People v Moldenhauer,
We affirm.
Notes
The transcript of the segment is as follows:
Hey, how ya doing, ya, ya, ya. Hi, I’m Dick Smart I am a comedian, yeah, stand up, ha. Yeah, yeah, look over there, look over there it awe [sic] there is a whole table of dick heads over there, I can’t believe it yeah, what a crowd, what a crowd. Oh I love it when it’s exciting like this, ya know what I mean.
Hey listen I got a joke for you, 2 guys they go into a bar, yeah, yeah, yeah, whats [sic] the matter with you lady, you never seen a dick before? One guy says to the other guy, hey I gotta go to the head, order me a draft beer and a tuna fish sandwich would ya and he says yeah.
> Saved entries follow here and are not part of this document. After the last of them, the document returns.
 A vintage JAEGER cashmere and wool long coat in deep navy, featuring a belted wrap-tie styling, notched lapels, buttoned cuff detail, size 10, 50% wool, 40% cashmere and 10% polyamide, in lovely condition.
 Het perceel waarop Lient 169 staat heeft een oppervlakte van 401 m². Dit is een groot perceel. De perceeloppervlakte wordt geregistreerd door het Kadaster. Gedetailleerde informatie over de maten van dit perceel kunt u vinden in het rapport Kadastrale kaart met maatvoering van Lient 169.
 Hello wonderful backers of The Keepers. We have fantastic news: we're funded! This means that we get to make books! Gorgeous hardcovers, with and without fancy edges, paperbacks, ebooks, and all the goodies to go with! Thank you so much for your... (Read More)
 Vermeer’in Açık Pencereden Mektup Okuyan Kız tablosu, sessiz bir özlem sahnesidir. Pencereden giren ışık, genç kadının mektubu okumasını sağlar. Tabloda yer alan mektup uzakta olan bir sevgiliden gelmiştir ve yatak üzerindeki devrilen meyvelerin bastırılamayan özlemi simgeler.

Okay so the guy kinda goes into the bar, ya and the bartender says, “what do ya need” he says I need 2 draft beers and a tuna fish sandwich. What what ya heard this one before or what, shut up then okay. So he says okay he says I’ll bring your drink to you, the guy goes down to the bar, turns around half-way down the bar and goes hey, he goes are you gay? The guy says what, no, I’m just in a god [sic] mood, ha, ha ha, awe [sic] you heard that one before, I can’t believe it, don’t you people laugh or what, are ya all getting enemas?
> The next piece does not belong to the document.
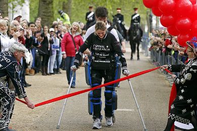 في ماراثون لندن باستخدم سيقان روبوتية سمحت لها بالمشي مجددًا.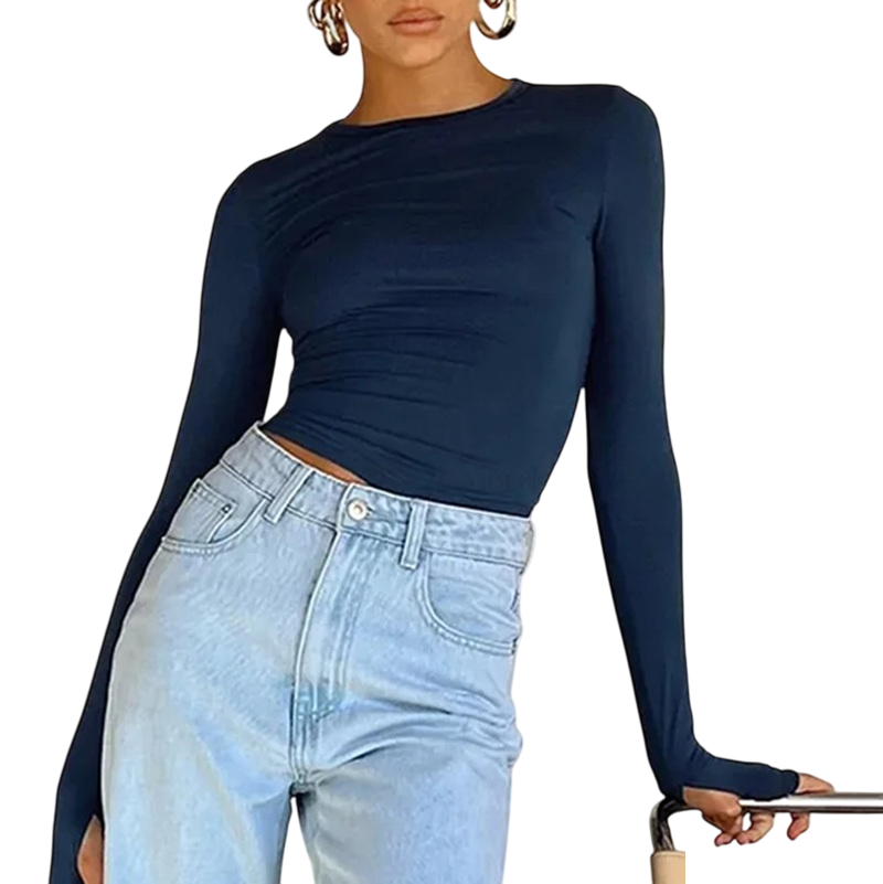 Camisola justa de manga longa e comprimento mais curto até à cintura é ideal para mulheres que procuram um top estiloso e confortável para o dia-a-dia. Descrição completa

What’s the deal with you over there you never seen a funny dick before or what (laughter). Yeah, I was in the grocery store the other day a guy comes up and he says “hey, you’re a dick” I says yeah so are you, ha, ha. I can’t believe it, yeah, yeah, yeah, yeah, yeah, I was in the army ya know, yeah, yeah, I didn’t do much, ya know what I mean? I just hung around (laughter). Yeah, yeah, so I was walking down the sidewalk the other day and ya know I was just looking around and I don’t know about you, but when I see a good looking woman and it’s kind of balmy out and I kinda change I’m like a Doctor Jekyll and Mr. Hyde kinda guy (laughter). Ya know what I mean some people, I had a woman tell me the other day she thought I looked like Hulk Hogan (laughter) I said yeah, you crazy stupid bitch, Hulk Hogan, hell, he’s rich, yeah I’m just some dick head I just ya know I make people laugh, I get a couple of bucks ya know what I mean everyone’s gotta eat, ya know what I’m sayin. Well ah a little two step I learned when I was in the Nam-yeah.
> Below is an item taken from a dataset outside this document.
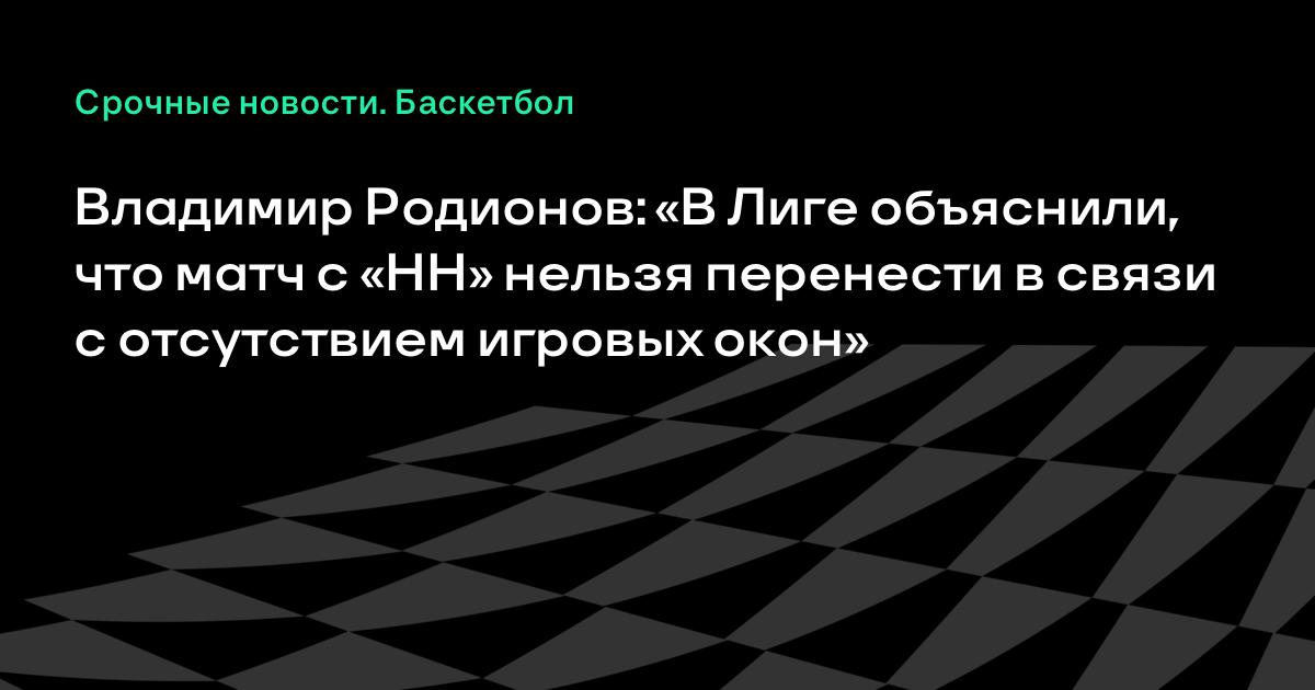 «Я не отказывался от переноса матча с «НН», но в лиге нам объяснили, что это невозможно в связи с отсутствием игровых окон. Совсем недавно мы попали в схожую ситуацию с нижегородским клубом: 25 января мы играли в гостях с клубом «Локомотив-Кубань», а уже 27-го вышли на игру против немецкого «Скайлайнерс». Кубанский клуб не захотел переносить игру, и во Франкфурте мы еле волочили ноги. Увы, но в баскетболе часто бывают такие напряженные графики игр. Повторюсь, я был не против переноса матча», – цитируют Владимира Родионова «Известия».

MCL 750.38 provides, in relevant part:
Any person who shall post, place or display on any sign board, bill hoard, fence, building, sidewalk, or other object, or in any street, road, or other public place . .. any representation of the human form in an attitude or dress which would be indecent in the case of a living person, if such person so appeared in any public street, square or highway, shall be guilty of a misdemeanor.
A fourth justice “agree[d] with the plurality that the appropriate analysis to determine the actual protection required by the First Amendment is the four-part enquiry described in [O’Brien.],” but applied that analysis differently. Id. at 582 (Souter, J., concurring). In addition, Justice Scalia concurred in the judgment of the plurality, reasoning that the First Amendment was simply inapplicable to the public nudity statute. Id. at 572 (Scalia, J. concurring) (“[T]he challenged regulation ... as a general law regulating conduct and not specifically directed at expression ... is not subject to First Amendment scrutiny at all.”). While we review defendant’s conviction under the Barnes plurality’s approach, we note that it would also be upheld under the analysis employed by Justice Scalia.
The plurality in Erie consisted of four justices. Erie, supra at 282 (opinion of O’Connor, J.). In addition, Justice Scalia was joined by Justice Thomas in the view, set out earlier in his concurring opinion in Barnes, that, because the ordinance prohibited the act of going nude in public, irrespective of any expressive purposes, “ ‘it is not subject to First Amendment scrutiny at all.’ ” Id. at 307-308 (Scalia, J., concurring), quoting Barnes, supra at 572 (Scalia, J., concurring).